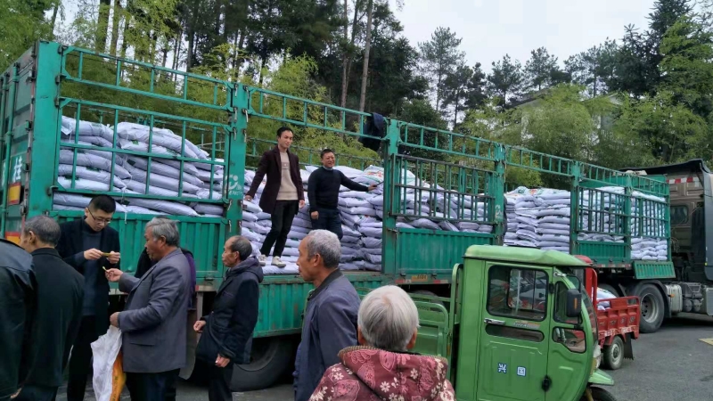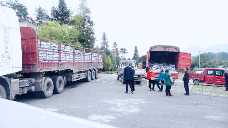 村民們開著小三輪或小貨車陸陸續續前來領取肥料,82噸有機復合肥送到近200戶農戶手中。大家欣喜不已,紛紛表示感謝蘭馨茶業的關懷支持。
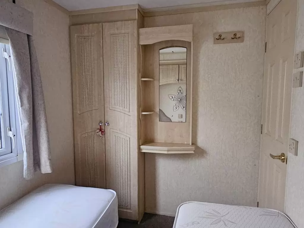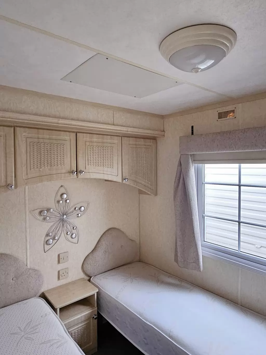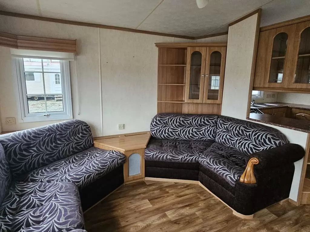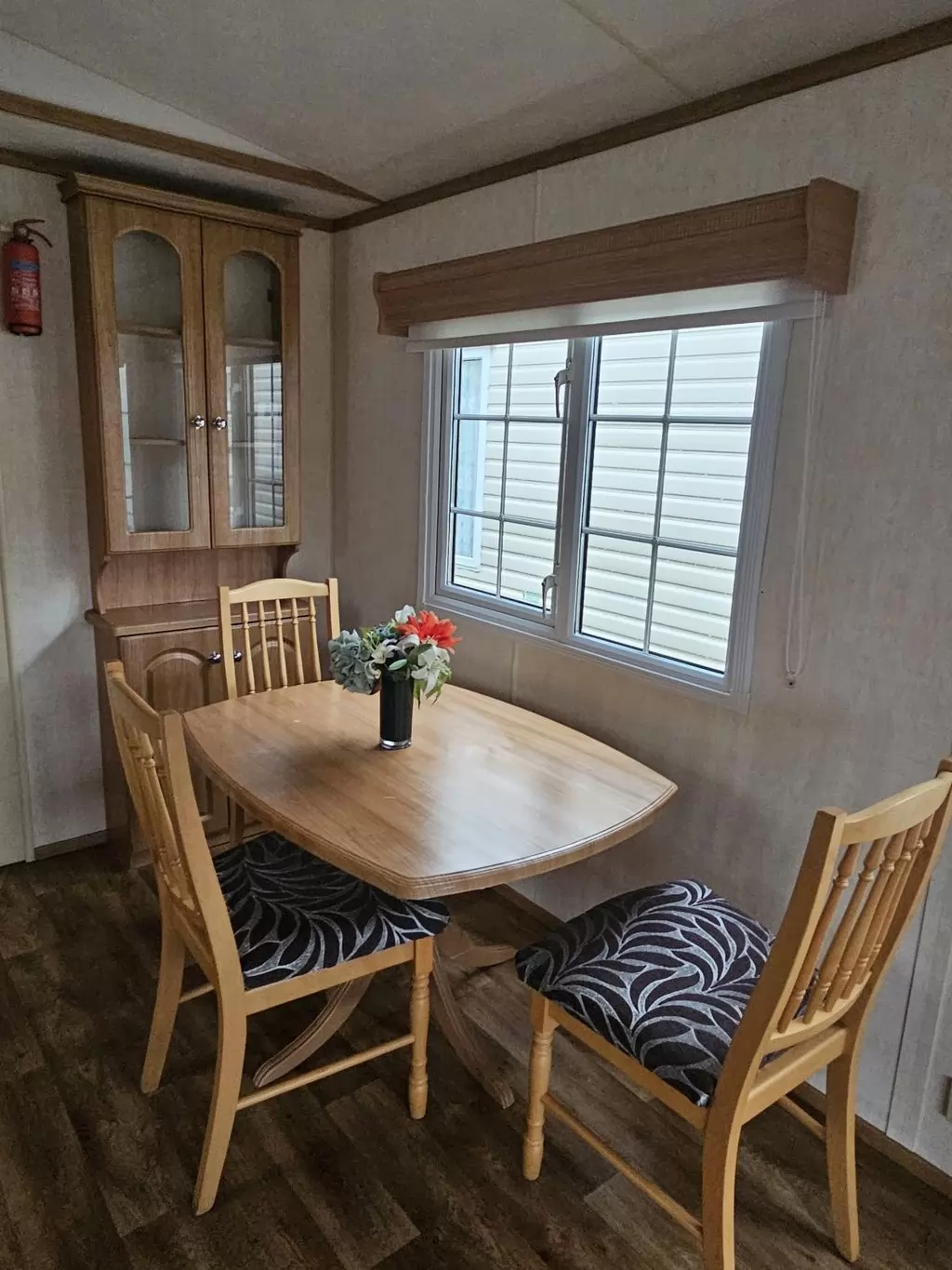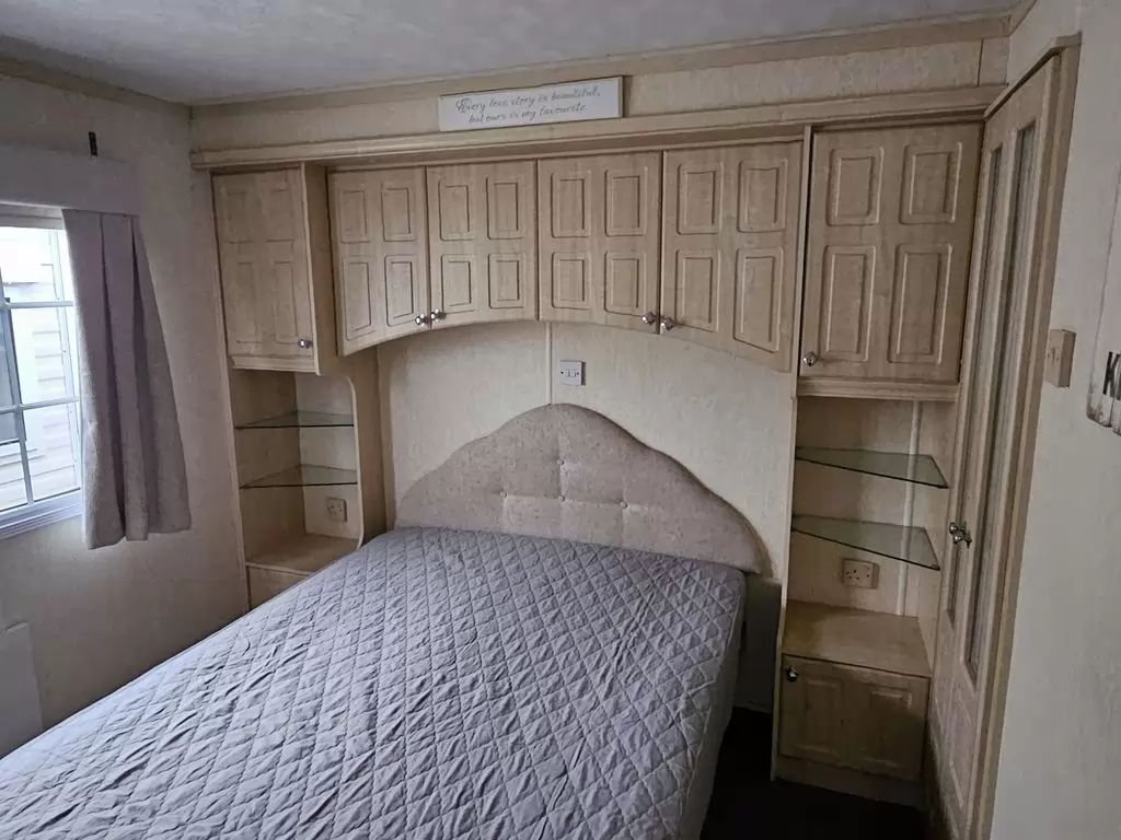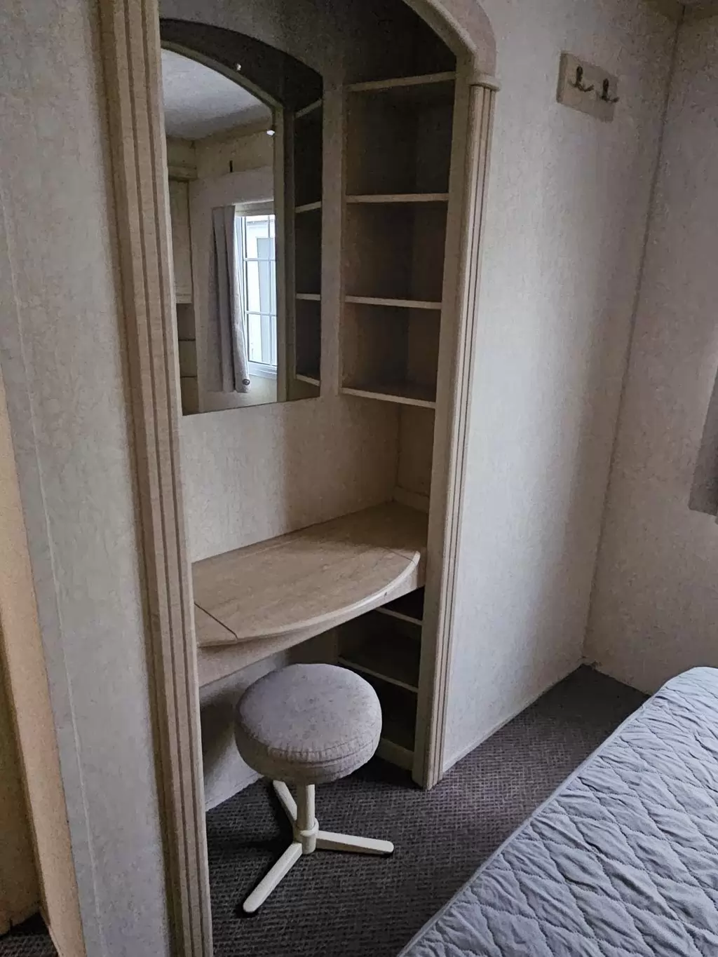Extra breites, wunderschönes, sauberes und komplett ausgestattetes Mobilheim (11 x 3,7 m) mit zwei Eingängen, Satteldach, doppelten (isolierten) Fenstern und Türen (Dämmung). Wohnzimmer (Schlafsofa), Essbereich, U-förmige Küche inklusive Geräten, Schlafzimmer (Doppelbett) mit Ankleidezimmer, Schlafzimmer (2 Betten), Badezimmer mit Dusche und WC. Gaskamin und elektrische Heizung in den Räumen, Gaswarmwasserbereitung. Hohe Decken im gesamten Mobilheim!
--
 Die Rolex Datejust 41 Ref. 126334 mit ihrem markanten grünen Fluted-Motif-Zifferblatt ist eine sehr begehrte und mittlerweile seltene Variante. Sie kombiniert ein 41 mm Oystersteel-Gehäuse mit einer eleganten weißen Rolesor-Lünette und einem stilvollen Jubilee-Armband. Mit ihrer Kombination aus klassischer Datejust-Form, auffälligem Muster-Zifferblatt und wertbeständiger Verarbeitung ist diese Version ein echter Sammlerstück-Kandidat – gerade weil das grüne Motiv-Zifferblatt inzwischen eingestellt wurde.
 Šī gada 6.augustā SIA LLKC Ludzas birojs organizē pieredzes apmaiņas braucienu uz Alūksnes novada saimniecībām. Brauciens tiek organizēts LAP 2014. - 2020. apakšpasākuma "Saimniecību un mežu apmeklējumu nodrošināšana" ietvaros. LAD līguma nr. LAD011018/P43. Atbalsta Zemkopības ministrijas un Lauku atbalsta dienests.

Problem to work on: Above are the records; copy exactly the lines from the one with "村民們開著小三輪或小貨車陸陸" through the one with "Extra breites, wunderschönes, sauberes", including both, and nothing more. Leave out pictures.

Result:
 村民們開著小三輪或小貨車陸陸續續前來領取肥料,82噸有機復合肥送到近200戶農戶手中。大家欣喜不已,紛紛表示感謝蘭馨茶業的關懷支持。
Extra breites, wunderschönes, sauberes und komplett ausgestattetes Mobilheim (11 x 3,7 m) mit zwei Eingängen, Satteldach, doppelten (isolierten) Fenstern und Türen (Dämmung). Wohnzimmer (Schlafsofa), Essbereich, U-förmige Küche inklusive Geräten, Schlafzimmer (Doppelbett) mit Ankleidezimmer, Schlafzimmer (2 Betten), Badezimmer mit Dusche und WC. Gaskamin und elektrische Heizung in den Räumen, Gaswarmwasserbereitung. Hohe Decken im gesamten Mobilheim!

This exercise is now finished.